Norsk Hydro released results for the third quarter of 2016 yesterday. Numbers were off largely thanks to a seasonal decline in sales and negative currency effects.
The firm’s underlying EBIT was lower quarter-on-quarter, totaling NOK1.477 million, down from NOK1.618 million in Q2. Underlying EBIT was down for Bauxite & Alumina, Primary Metals, Rolled Products, Energy, and for its joint venture Sapa for the quarter. Declines were largely due to higher raw materials costs according to the firm. Underliying EBIT for Metal Markets improved however, due to less negative currency and inventory evaluation effects, according to Hydro.
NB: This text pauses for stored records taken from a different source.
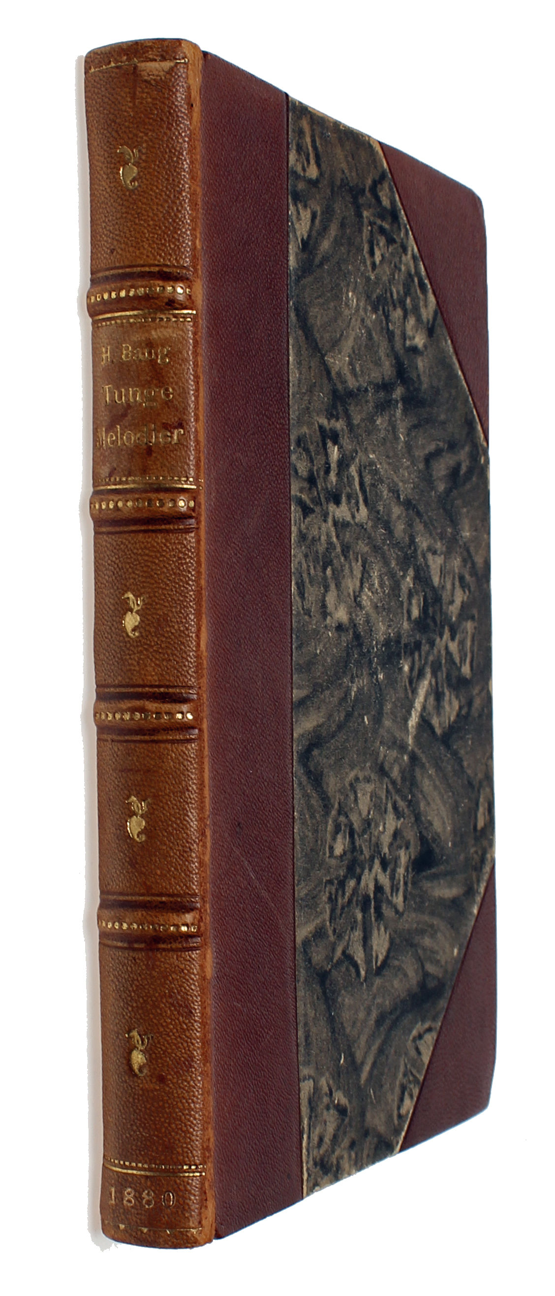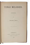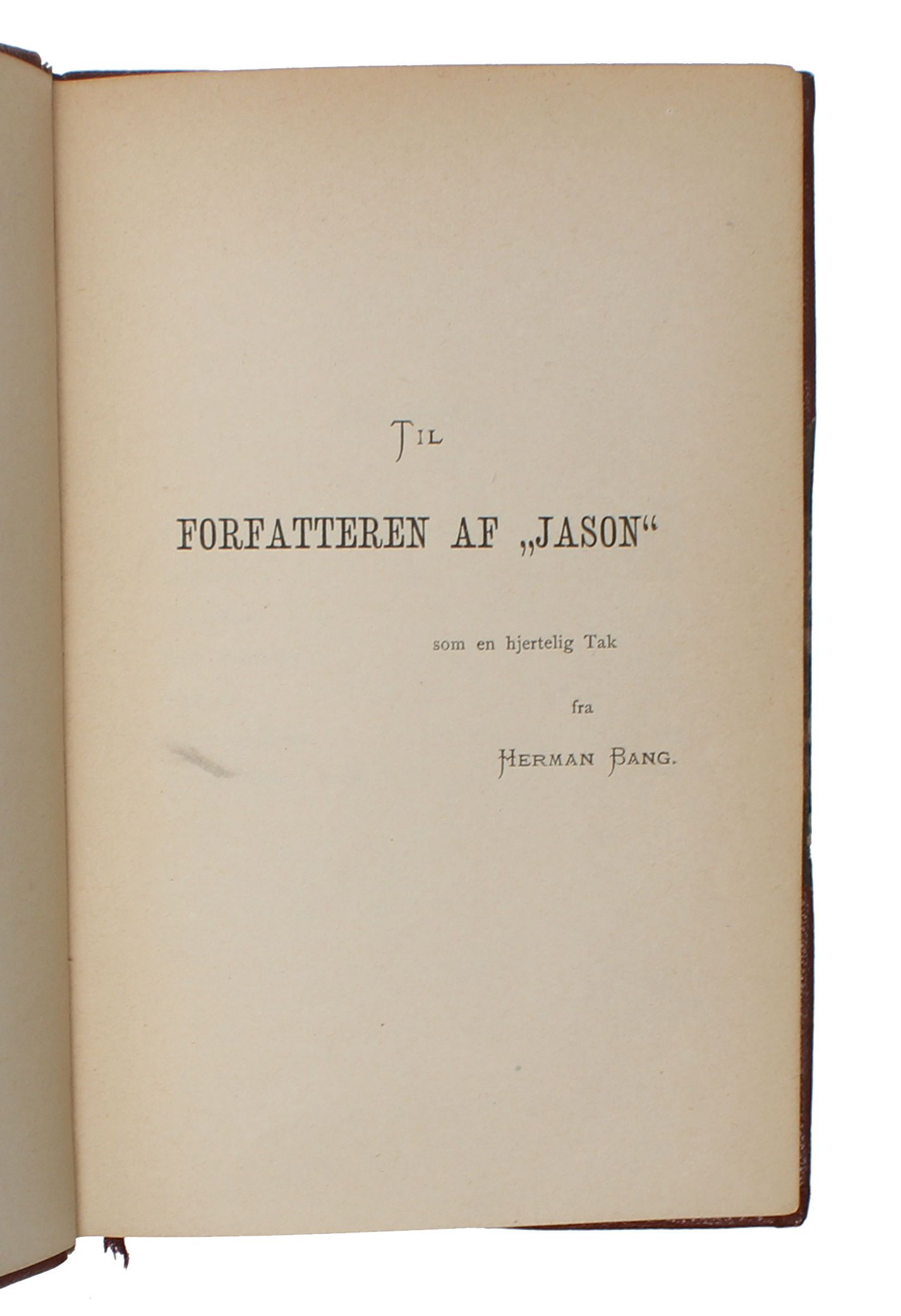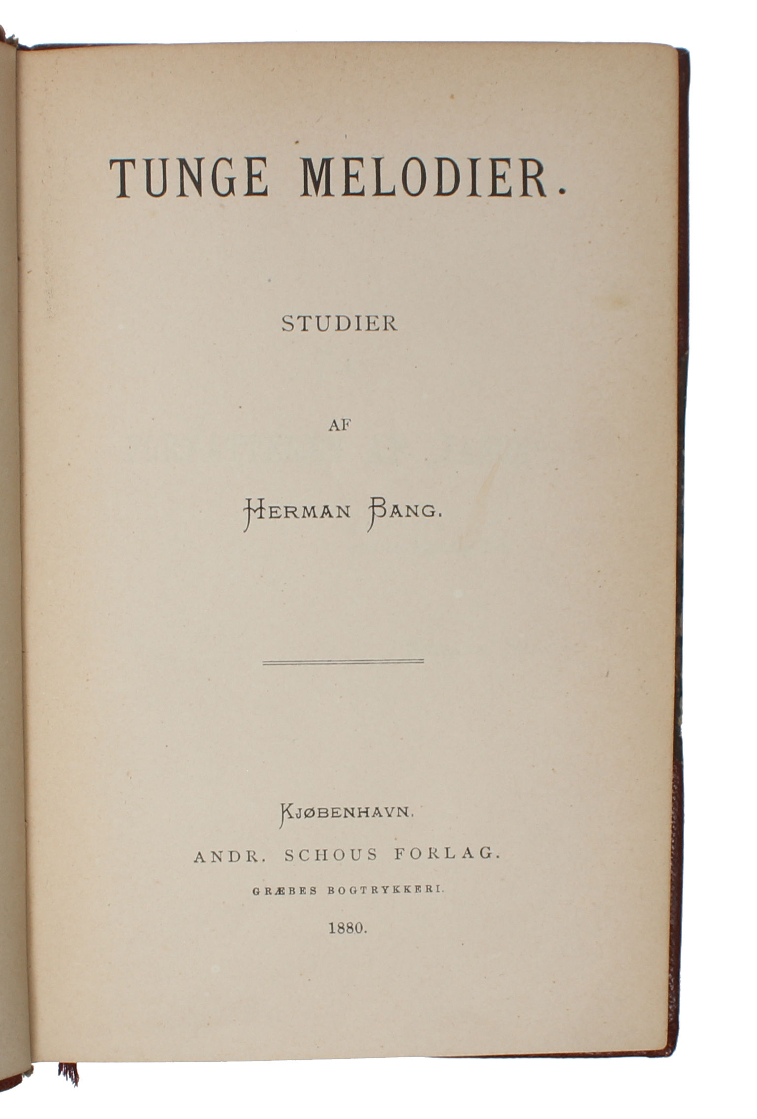 Kjøbenhavn, Andr. Schous Forlag, 1880. 8vo. Indbundet i et samtidigt halvlæderbind med rygforgyldning og fire ophøjede bind. Ryg falmet og false en smule slidte. Med Svend Krag-Jacobsens exlibris. Med dedikation fra den prominente danske litteraturhistoriker Hakon Stangerup og hustru på foromslaget: "Til Sven / den gloriøse Bang-kender, / vor gode Ven, / på hans Examensdag / fra Betty og Hakon." Ren og pæn indvendig. Med en illustration af Bang opklæbet på indersiden af bagpermen. (8),184 pp.
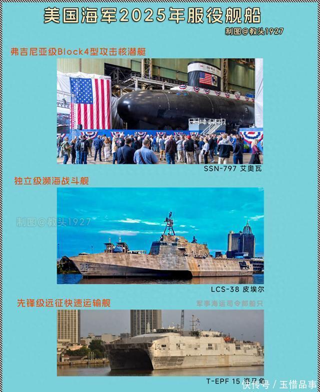2025年4月5日,康涅狄格州格罗顿潜艇基地,美国海军第24艘弗吉尼亚级核攻击潜艇爱荷华号(USSIowa,SSN-797)举行服役仪式。半年后的11月16日独立级濒海战斗舰皮埃尔号(USSPierre,LCS-38)在佛罗里达州巴拿马城完成服役。 整整一年,美国海军就这么2艘新舰正式入列,如果非要多算,还有一艘海运司令部的快速运输舰,但这玩意严格来说不属于军舰。 对比中国海军2025年接收的超过23万吨新舰——1艘8万吨航母、1艘4万吨两攻、7艘驱逐舰、2艘护卫舰,这成绩单实在拿不出手。更尴尬的是,这仅有的两艘里,濒海战斗舰还是个被美国海军自己都嫌弃的废物。
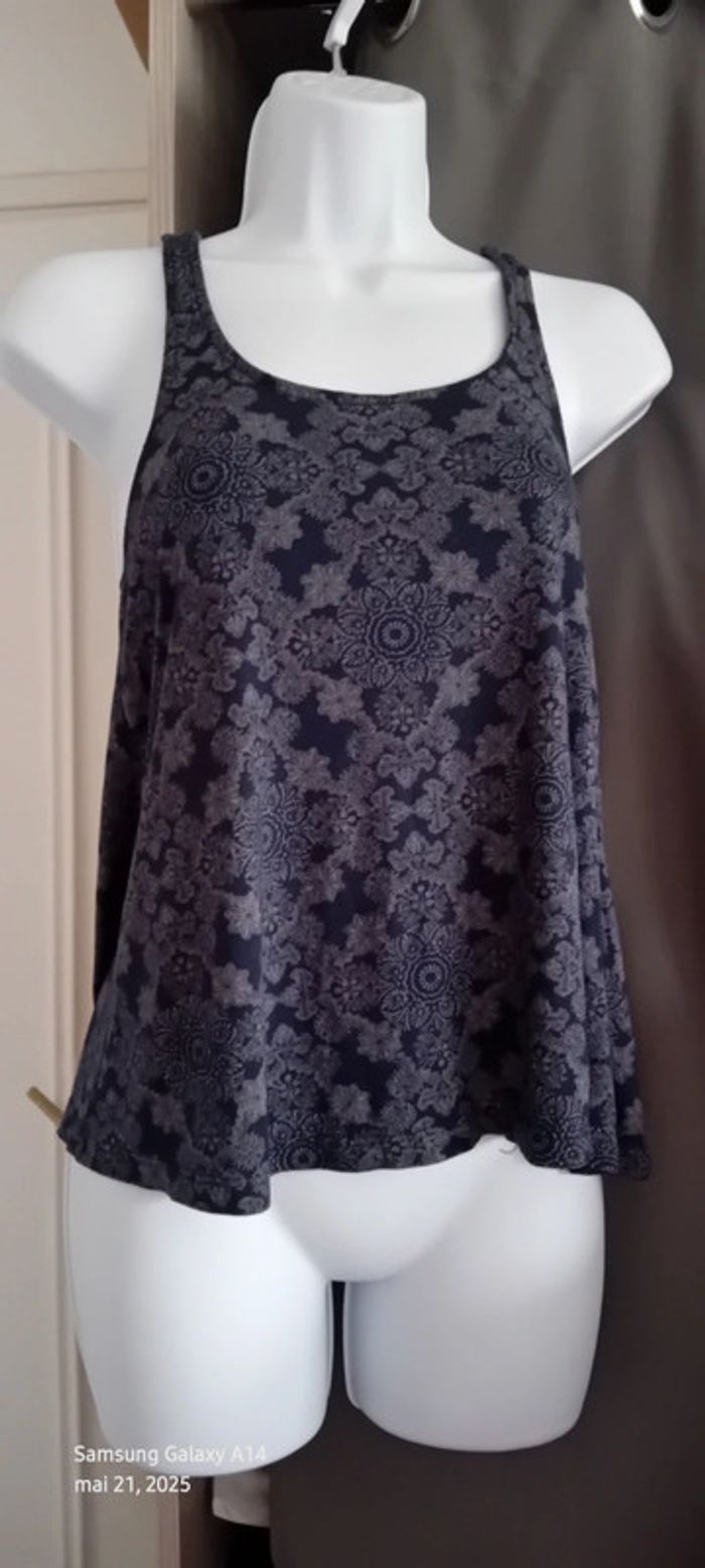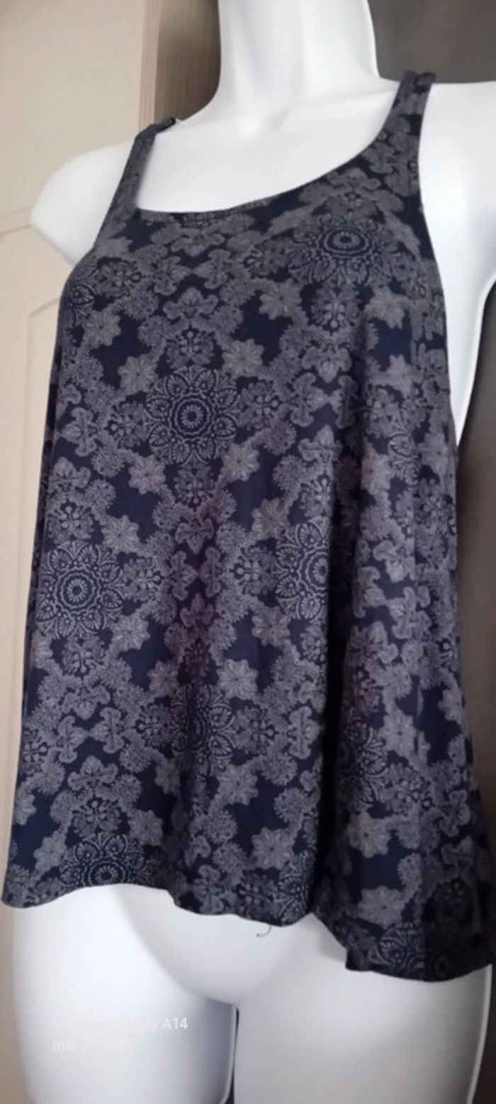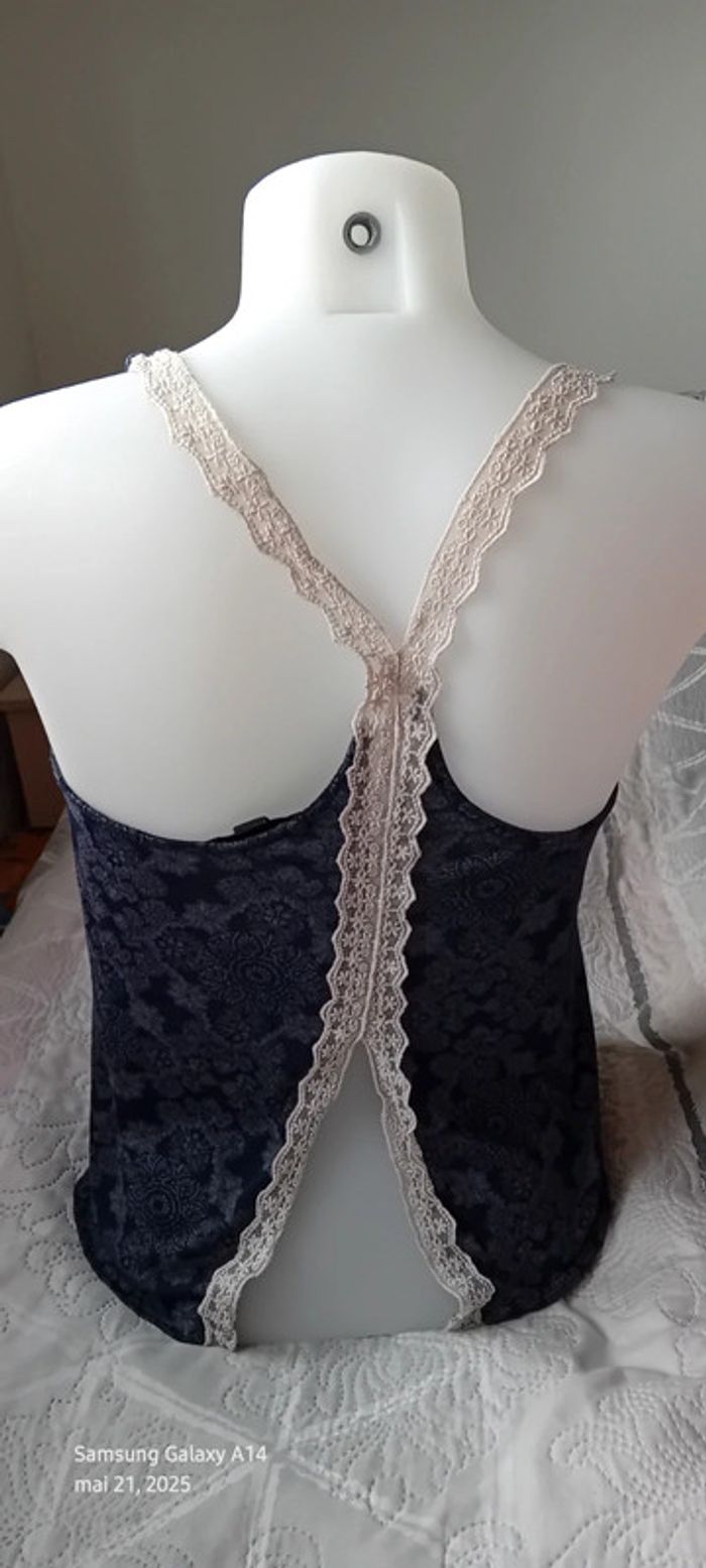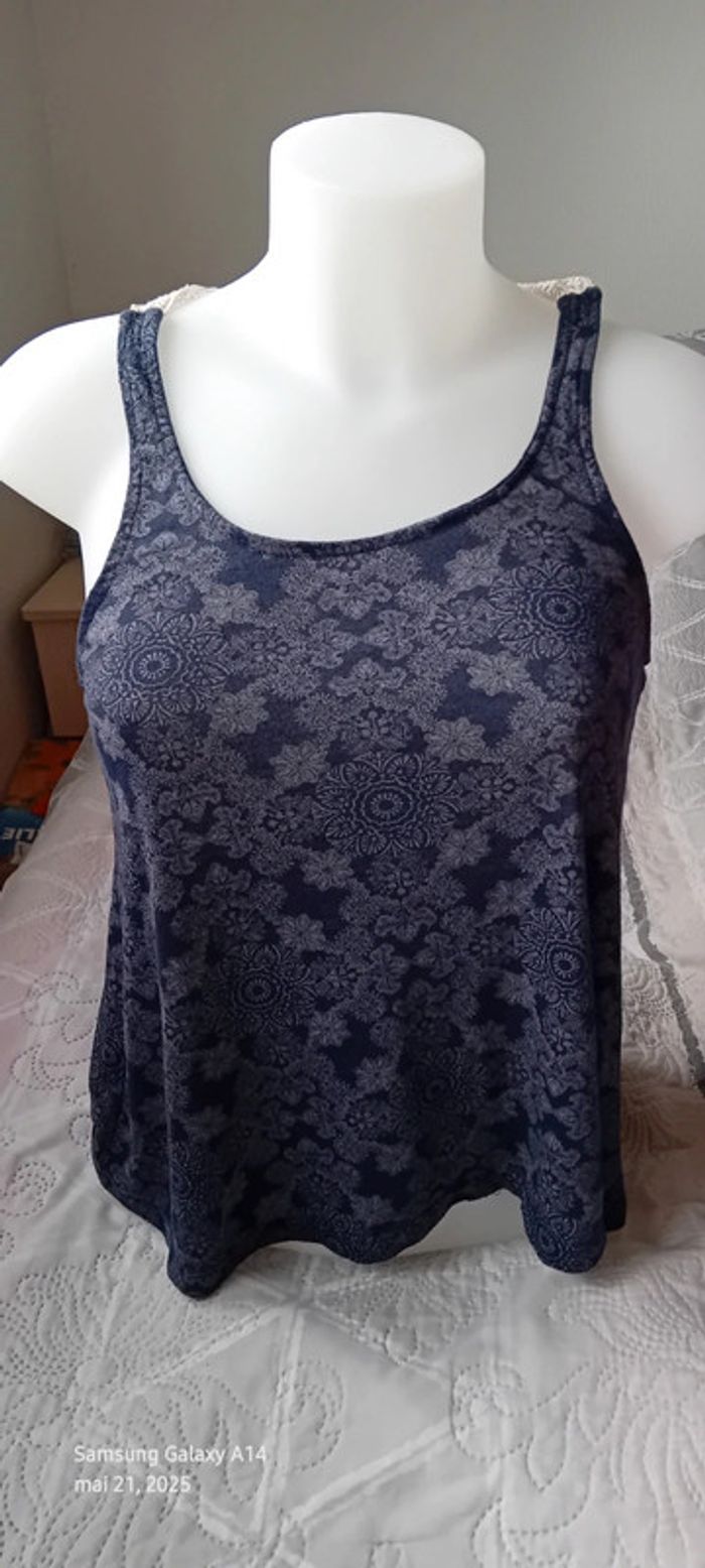 Top fines bretelles avec broderies en viscose et polyester dos nageur ouvert imprimé floral ethnique indien marine et blanc longueur 58 cm largeur aisselles à aisselles 40 cm peu porté en très bon état #midole #midolefemme #midolefemme36 #midolefemmeS #femme36 #femmeS #topépaulesdénudées #hautété #motiffleurs #imprimefloral #impriméindien #imprimeethnique #jennyfer
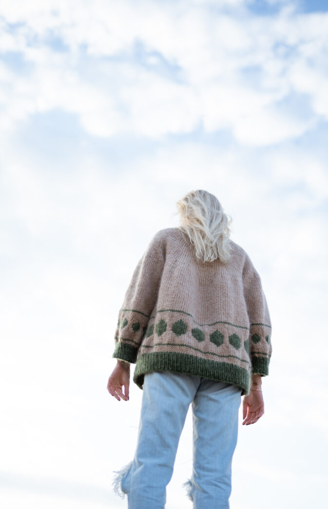 Strikkepakke med garn og gratis digital strikkeoppskrift. Den perfekte strikkegenser! Stor og god, strikket ovenfra og ned med rundt bærestykke. Enkelt dekorativt mønster nede på bol og ermer. Strikket i en kombinasjon av Hip Wool og Hip Mohair.
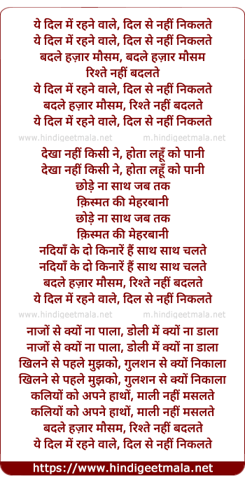 Poetic Translation - Lyrics of Ye Dil Me Rahanewale (Part - Lv) - ये दिल में रहने वाले, दिल से नहीं निकलते
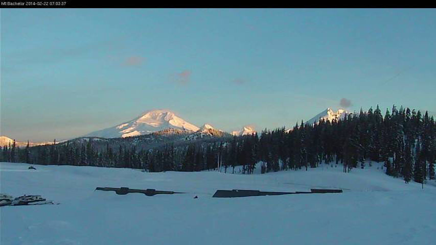 [size=small]Thin wispy lenticulars forming at sunrise on North Sister and Middle Sister, as seen on the Cascade Flyers webcam between Bend and Sisters (2014-02-22 7:09am).[/size]
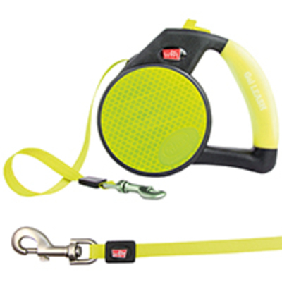 Automatik-Rollleine mit gut sichtbarem Gurtband und ergonomischem Gelgriff. Der auch für größere Hände geeignete Griff passt sich optimal der Hand an und erlaubt so ein ermüdungsarmes Halten auch bei stark ziehendem Hund. Im Sommer wirkt das Gel zudem angenehm kühlend. In Farbe Gelb zudem mit besonders gut sichtbaren Reflex-Elementen. Länge: 5 m Größe L geeignet für Hunde bis 50kg
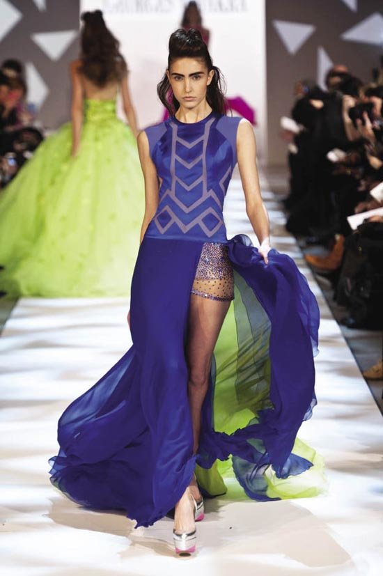 كذلك سيطر اللون الأزرق المتوهّج بكل تدرّجاته على فساتين السهرة، فتبخترت عارضات الأزياء على المنصات متباهيات بما ابتكره مصمّمو الأزياء العالميون.

Reported earnings before financial items and tax for the quarter was NOK1.376 million, down from last quarter’s total of NOK1.978 million. In addition to factors mentioned above, reported EBIT included net unrealized derivative gains of NOK100 million and positive metal effects of NOK48 million. Also affecting earnings was a charge of NOK124 million related to the demolition of the Kurri Kurri site, an impairment charge of NOK140 million related to the decision to divest the Hannover site. Reported earnings included a net gain of NOK15 million in Sapa (Hydro’s share net of tax), relating to unrealized derivative gains, rationalization charges and net foreign exchange gains.
“Demand growth for aluminium remains healthy. We are sticking to our forecast for global aluminium demand growth of 4-5 percent for 2016 and expect to land in the higher range of this estimate for the full year,” said Svein Richard Brandtzæg, Norsk Hydro’s President and CEO. “This comes on the back of higher-than-expected demand in China and slower restarts of curtailed capacity.”
“I’m pleased to see the positive operational development in our bauxite and alumina production. Both Paragominas and Alunorte produced above nameplate capacity in the third quarter, with Hydro Alunorte alumina production reaching a record-high production level. This is a demonstration of long-term dedication by a highly competent and committed organization in Brazil. We have succeeded in lifting the bar and will continue these efforts to stabilize production at or above nameplate capacity,” Brandtzæg concluded.